See Alternative Therapies
Hospital
Discharges
In
1999, AF and Flutter
was the first listed diagnosis in 384,000 hospital discharges
from short stay hospitals. While this hospital base does
not represent
all hospitals, this discharge data is indicative of the magnitude
of the health care resources required to treat these arrhythmias.
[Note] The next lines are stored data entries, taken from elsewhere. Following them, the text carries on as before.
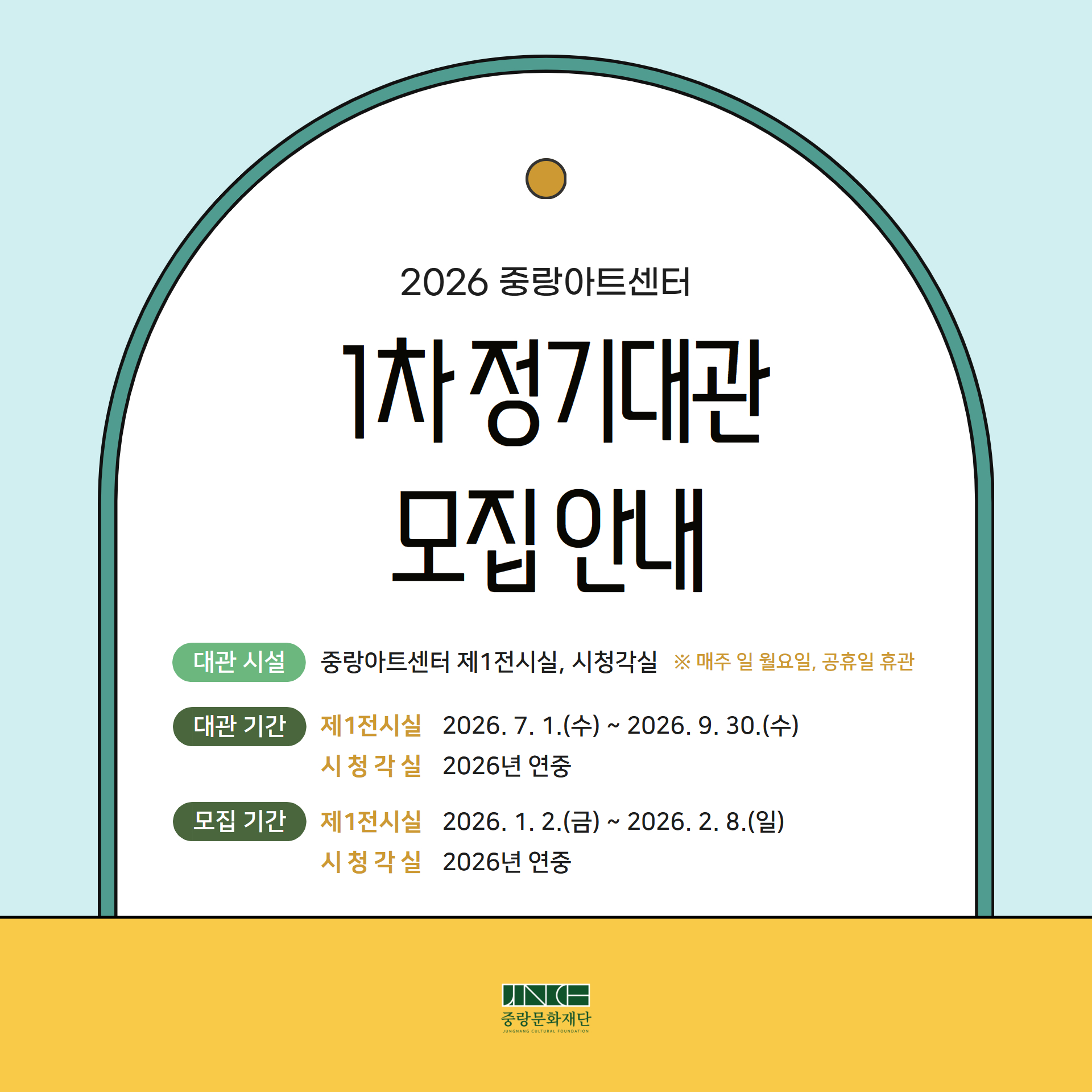 - 제1전시실: 내부심사 2026년 2월 10일(화) ~ 2월 13일(금) / 결과발표 홈페이지 공지 및 개별 통보
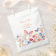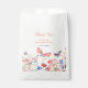Pretty baby shower small gift bag with colourful flowers in pink, purple and orange, butterflies and foliage. Perfect for a spring or summer bridal shower. The words can be changed to suit your own details or requirements.
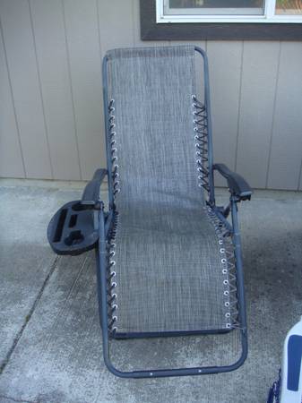 Zero Gravity Lawn Chair. Reclining lawn chair. Has cup holder. Second one is same price. fifty dollars for both.
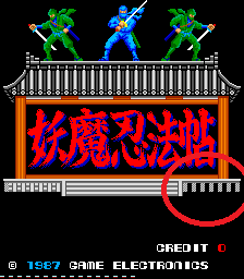 Lowest section of the title screen graphic is corrupted. also happens on the real (bootleg) board. The 'gap' and the " - "chars at the bottom however does not. |
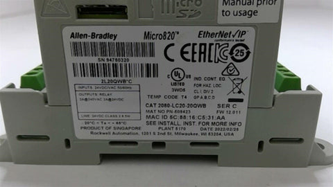 Allen Bradley 2080-LC20-20QEB Micro820 ControllerNew Surplus--Not In Box--5/25--JLVCC 163159---SS298-SK-137-B---3.00

From 1985 through 1999, hospitalizations with atrial fibrillation
among men and women 35 years of age and older increased from 154,086
to 376,487 for a first-listed diagnosis and from 787,750 to 2,283,673
for any diagnosis.
Quality
of Life
AF
may be symptomatic or asymptomatic, even in the same patient. The
arrhythmia may present for the first
time in an embolic event or exacerbation of heart failure. However,
most patients with AF complain of palpitations, chest pain, dyspnea
(difficult or labored breathing), fatigue lightheadedness, or
syncope (temporary suspension of consciousness due to generalized
cerebral
ischemia).
In
AF, the loss of the atrial contribution to ventricular
filling (characterized as the “atrial kick”) can result
in as much as a 30% loss of cardiac output. In critically ill or
compromised patients this 30% loss can mean the difference between
life and death. Regaining the atrial contribution to the heart’s
pumping function by curing AF can mean a much more functional
quality of life in less severe patients.
Summary
The
above is necessarily a very brief summary of the body of evidence
that has established
AF as a very debilitating, widespread and expensive medical condition
that, when treated and cured, can return substantial benefits
to patients and to the health care system.